• DATA PROVIDED:

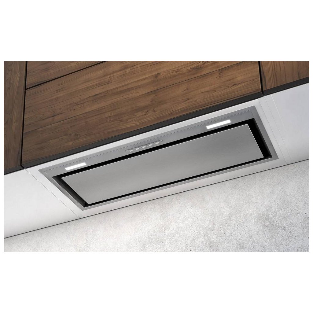 Luxusní vestavná digestoř vybavená výkonným motorem s nízkou spotřebou elektrické energie.
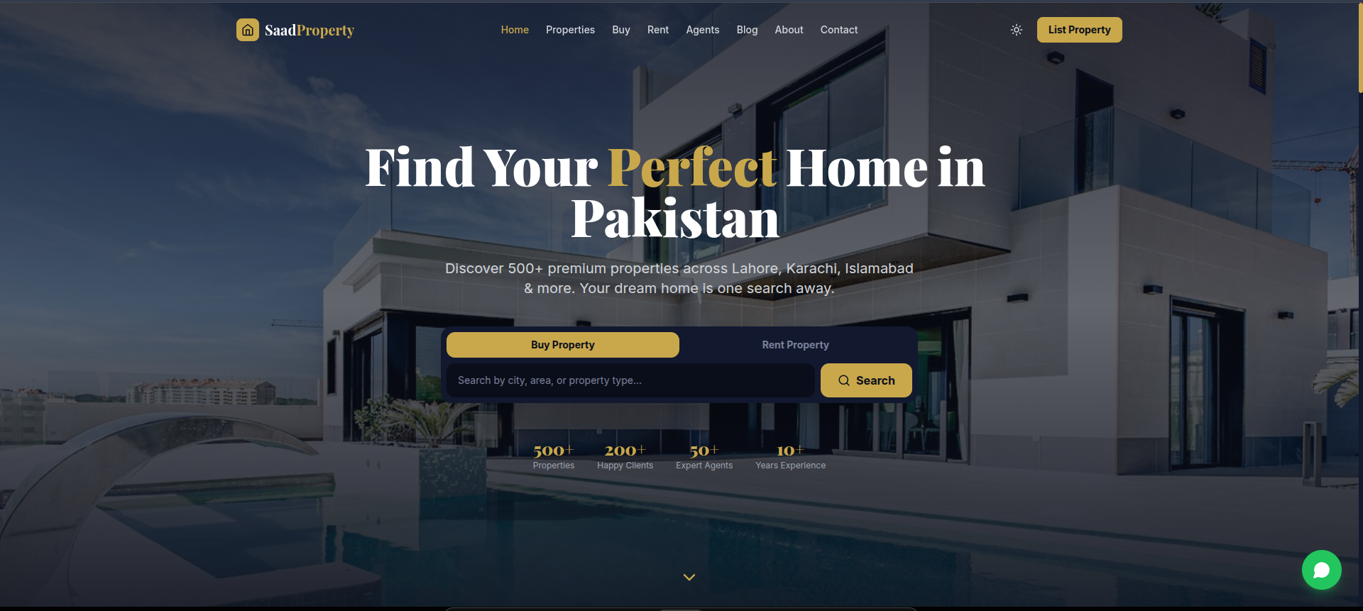 A fully animated, production-ready real estate platform built in React.js. Features 12 pages including Buy, Rent, Agents, Blog & Compare, advanced property search with city/price/bedroom filters, mortgage calculator with live PKR calculations, dark/light mode, property comparison tool, interactive maps, image gallery with lightbox, and agent profiles with WhatsApp CTAs.
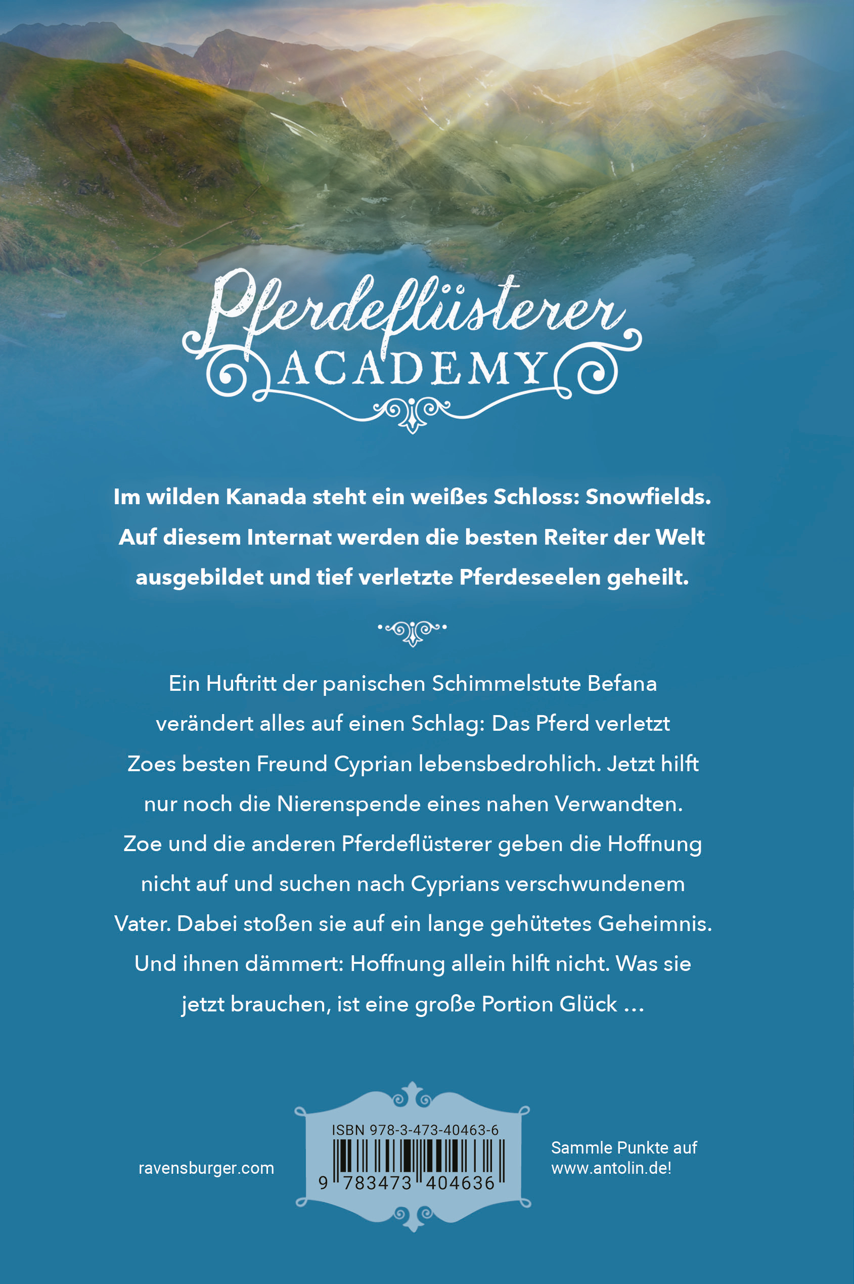 Im wilden Kanada steht ein weißes Schloss: Snowfields. Auf dem Internat werden die weltbesten Reiter ausgebildet und verletzte Pferdeseelen geheilt. Ein Huftritt der panischen Schimmelstute Befana verändert alles auf einen Schlag: Das Pferd verletzt Zoes besten Freund Cyprian lebensbedrohlich. Jetzt hilft nur noch die Nierenspende eines nahen Verwandten. Zoe und die anderen Pferdeflüsterer geben die Hoffnung nicht auf und suchen nach Cyprians verschwundenem Vater. Dabei stoßen sie auf ein lange gehütetes Geheimnis. Und ihnen dämmert: Hoffnung allein hilft nicht. Was sie jetzt brauchen, ist eine große Portion Glück … Entdecke alle Abenteuer in der „Pferdeflüsterer-Academy“: Band 1: Reise nach Snowfields Band 2: Ein geheimes Versprechen Band 3: Eine gefährliche Schönheit Band 4: Verletztes Vertrauen Band 5: Zerbrechliche Träume Band 6: Calypsos Fohlen Band 7: Flammendes Herz Band 8: Zoes größter Sieg Band 9: Cyprians Rückkehr Band 10: Die dunkle Wahrheit Band 11: Verborgene Gefühle Band 12: Wild und verwundbar Band 13: Taminos Entführung Band 14: Glück und Hoffnung
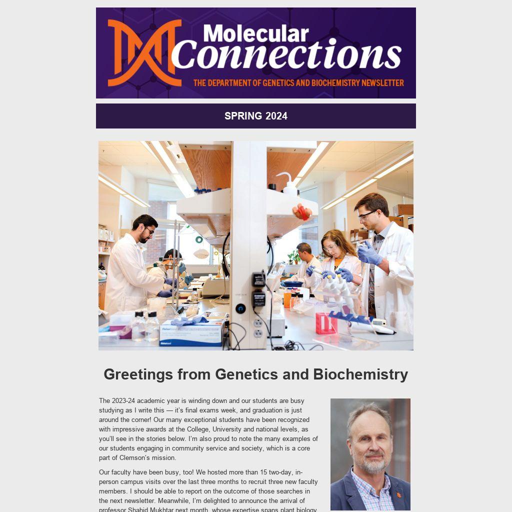The 2023-24 academic year is winding down and our students are busy studying as I write this — it’s final exams week, and graduation is just around the corner! Our many exceptional students have been recognized with impressive awards at the College, University and national levels, as you’ll see in the stories below. I’m also proud to note the many examples of our students engaging in community service and society, which is a core part of Clemson’s mission.
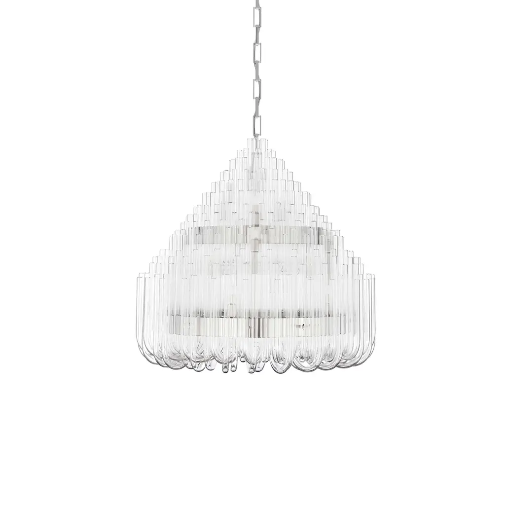 Vegas S VRT140 is a pendant lamp with LED structure in metal with diffuser in rock effect glass strips.Electrical characteristics56 W CRI>90 3000 K – 5973 NOMINAL LM56 W CRI>90 2700 K – 5693 NOMINAL LMDIMMABLE: 0-10VCE LEDETL LEDCCC LEDCB SCHEME LEDVegas is a collection of lamps having a metal structure with diffuser in anti-reflective glass strips. Led illumination.
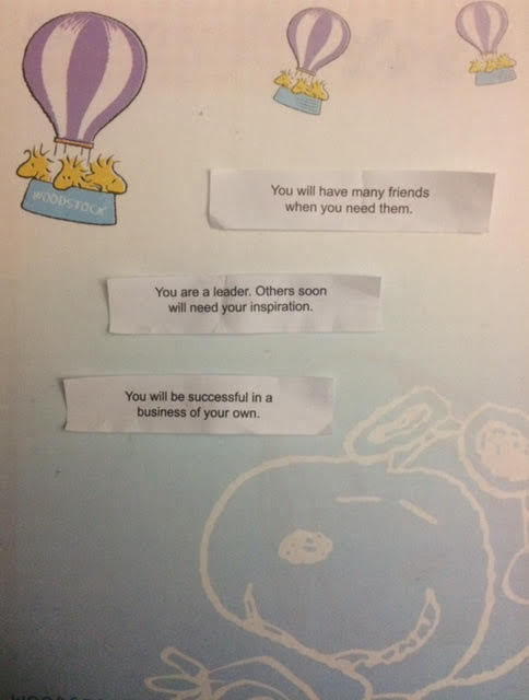 我先打开了我自己的,上面写道:You will have many friends when you need them. (你需要的时候会有许多朋友)。这个好!人生走到现在,夫复何求?

• PROBLEM TO SOLVE: Leave out any pictures and return exactly the lines from the beginning of the data through the line with "A fully animated, production-ready", inclusive.

• RESULT OF THIS EXERCISE:
 Luxusní vestavná digestoř vybavená výkonným motorem s nízkou spotřebou elektrické energie.
 A fully animated, production-ready real estate platform built in React.js. Features 12 pages including Buy, Rent, Agents, Blog & Compare, advanced property search with city/price/bedroom filters, mortgage calculator with live PKR calculations, dark/light mode, property comparison tool, interactive maps, image gallery with lightbox, and agent profiles with WhatsApp CTAs.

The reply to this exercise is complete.